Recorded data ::
################

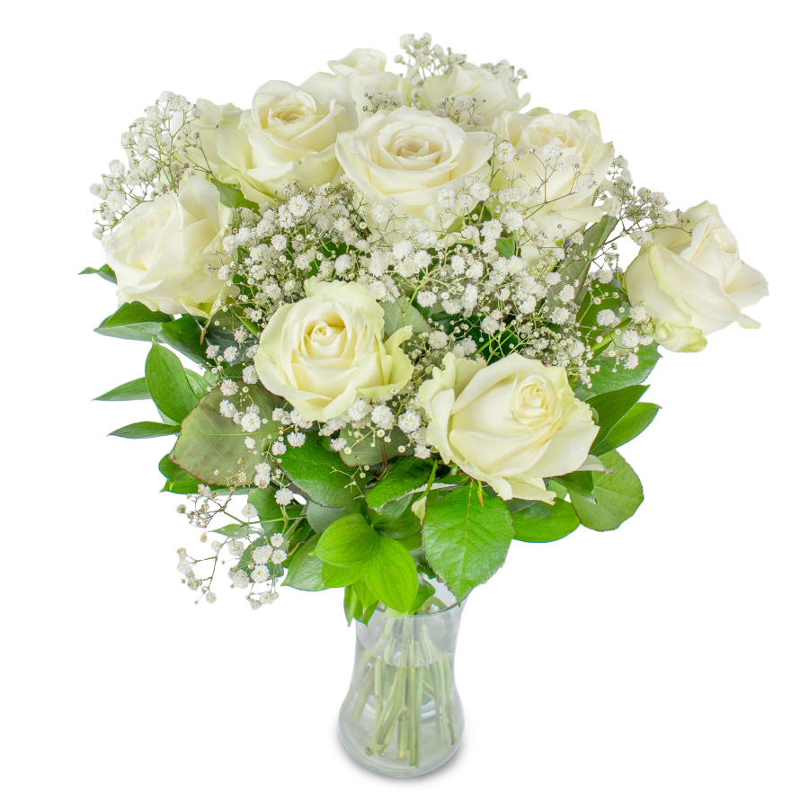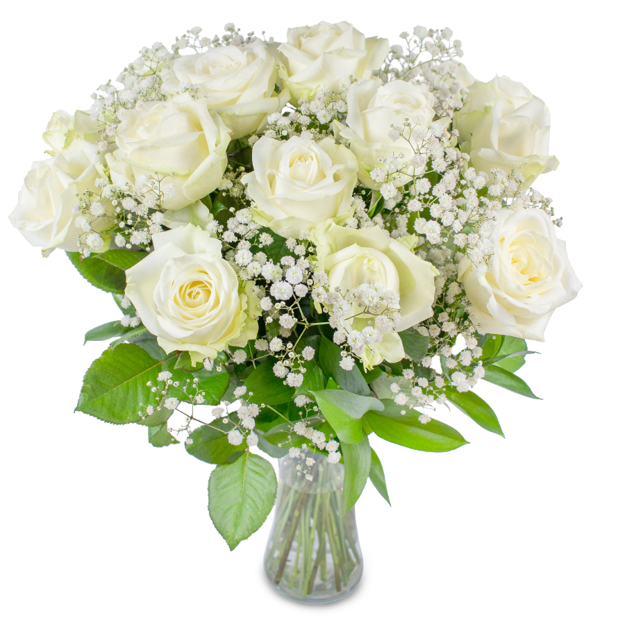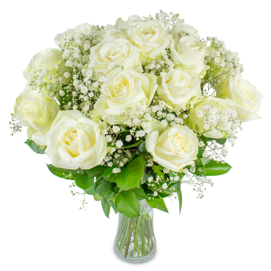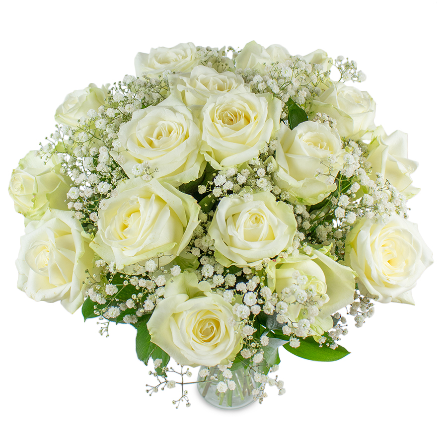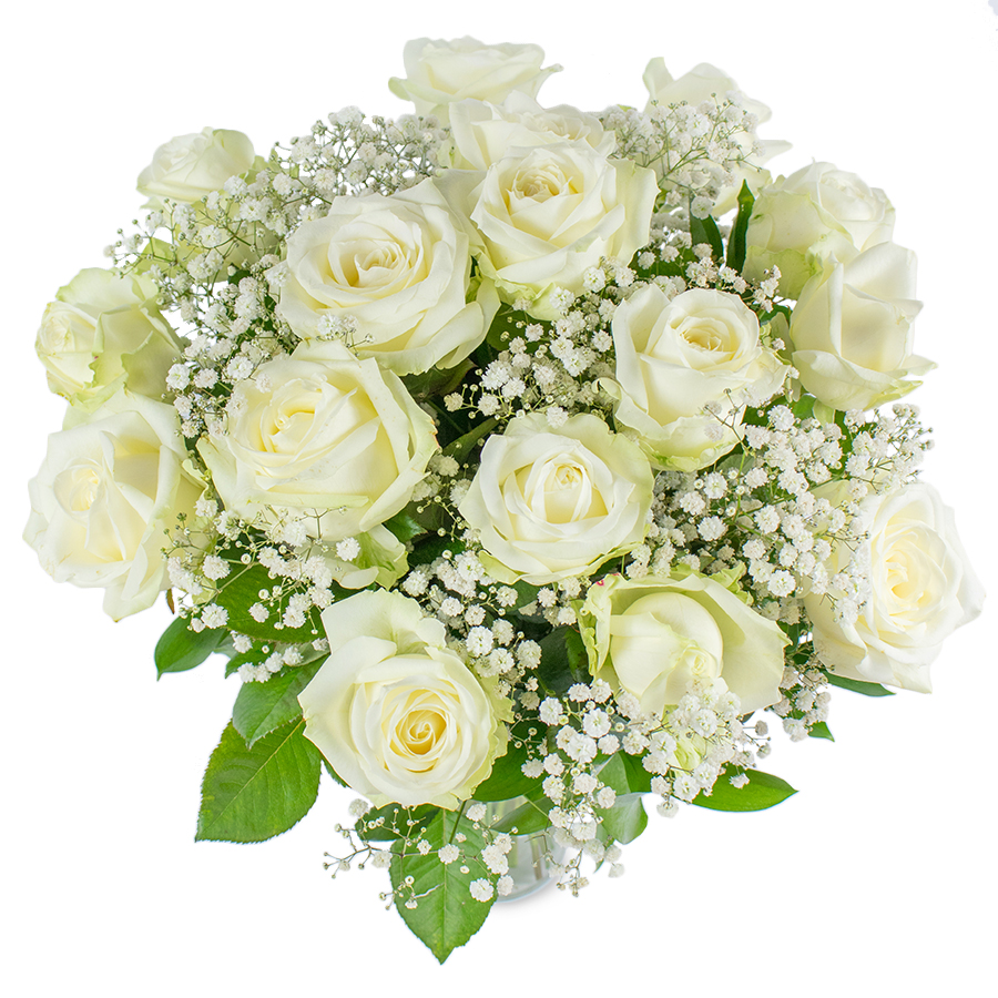 Nothing can be more elegant than the finest large-headed white roses, picked up just for you. Our exclusive bouquet featuring white roses hand-tied with gypsophila and aspidistra leaves will leave you breathless.
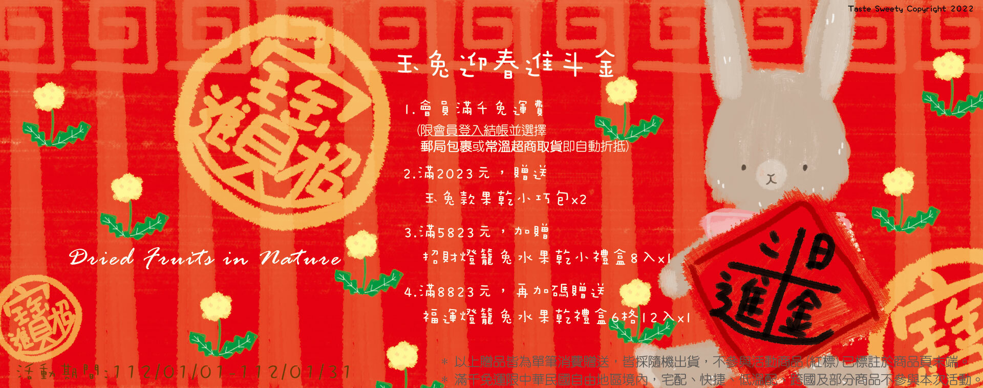 一月份活動:1月玉兔迎春進斗金 112/01/01-112/01/31
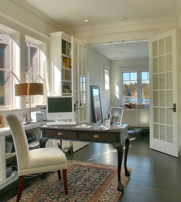 Il existe différentes manières de diviser l'espace. L'un d'eux peut être précisément la porte française. Un tel «écran» transparent servira d'excellent séparateur visuel, par exemple entre un bureau et une chambre, il vous permettra d'être dans deux pièces en même temps, bien que physiquement vous ne serez que dans une seule pièce. Et qui a dit qu'il n'y avait pas de miracles?
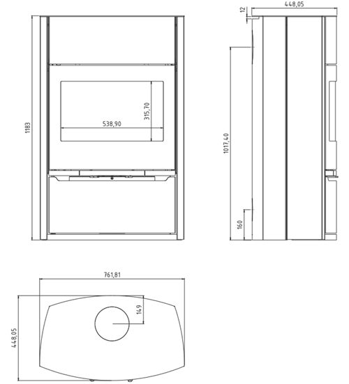 Ročaji, regulatorji primarnega in sekundarnega zraka se ne segrejejo (so iz nerjavečega jekla). Skrita posoda za pepel v notranjosti kamina.
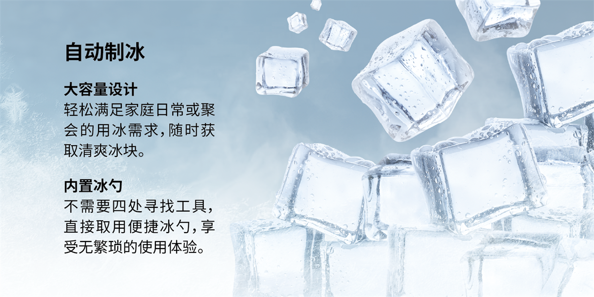 一键洁净制冰: 内置独立制冰系统,连接净水过滤,轻触一键,即可快速产出晶莹剔透、洁净无异味的冰块,畅享清凉时刻。
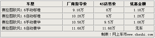 東風(fēng)悅達(dá)起亞旗下的首款兩廂轎車—賽拉圖歐風(fēng),憑借著歐洲車型的設(shè)計(jì)理念和圓潤飽滿的外形,得到消費(fèi)者的關(guān)注。近日記者了解到:賽拉圖歐風(fēng)將推出1.5排量車型,屆時1.6車型將全部停產(chǎn)。根據(jù)網(wǎng)上車市價格監(jiān)測系統(tǒng)顯示,目前銷售的賽拉圖歐風(fēng)最高優(yōu)惠1.3萬元。具體車型見下表:

################

Except for pictures, copy the records above exactly.

 Nothing can be more elegant than the finest large-headed white roses, picked up just for you. Our exclusive bouquet featuring white roses hand-tied with gypsophila and aspidistra leaves will leave you breathless.
 一月份活動:1月玉兔迎春進斗金 112/01/01-112/01/31
 Il existe différentes manières de diviser l'espace. L'un d'eux peut être précisément la porte française. Un tel «écran» transparent servira d'excellent séparateur visuel, par exemple entre un bureau et une chambre, il vous permettra d'être dans deux pièces en même temps, bien que physiquement vous ne serez que dans une seule pièce. Et qui a dit qu'il n'y avait pas de miracles?
 Ročaji, regulatorji primarnega in sekundarnega zraka se ne segrejejo (so iz nerjavečega jekla). Skrita posoda za pepel v notranjosti kamina.
 一键洁净制冰: 内置独立制冰系统,连接净水过滤,轻触一键,即可快速产出晶莹剔透、洁净无异味的冰块,畅享清凉时刻。
 東風(fēng)悅達(dá)起亞旗下的首款兩廂轎車—賽拉圖歐風(fēng),憑借著歐洲車型的設(shè)計(jì)理念和圓潤飽滿的外形,得到消費(fèi)者的關(guān)注。近日記者了解到:賽拉圖歐風(fēng)將推出1.5排量車型,屆時1.6車型將全部停產(chǎn)。根據(jù)網(wǎng)上車市價格監(jiān)測系統(tǒng)顯示,目前銷售的賽拉圖歐風(fēng)最高優(yōu)惠1.3萬元。具體車型見下表:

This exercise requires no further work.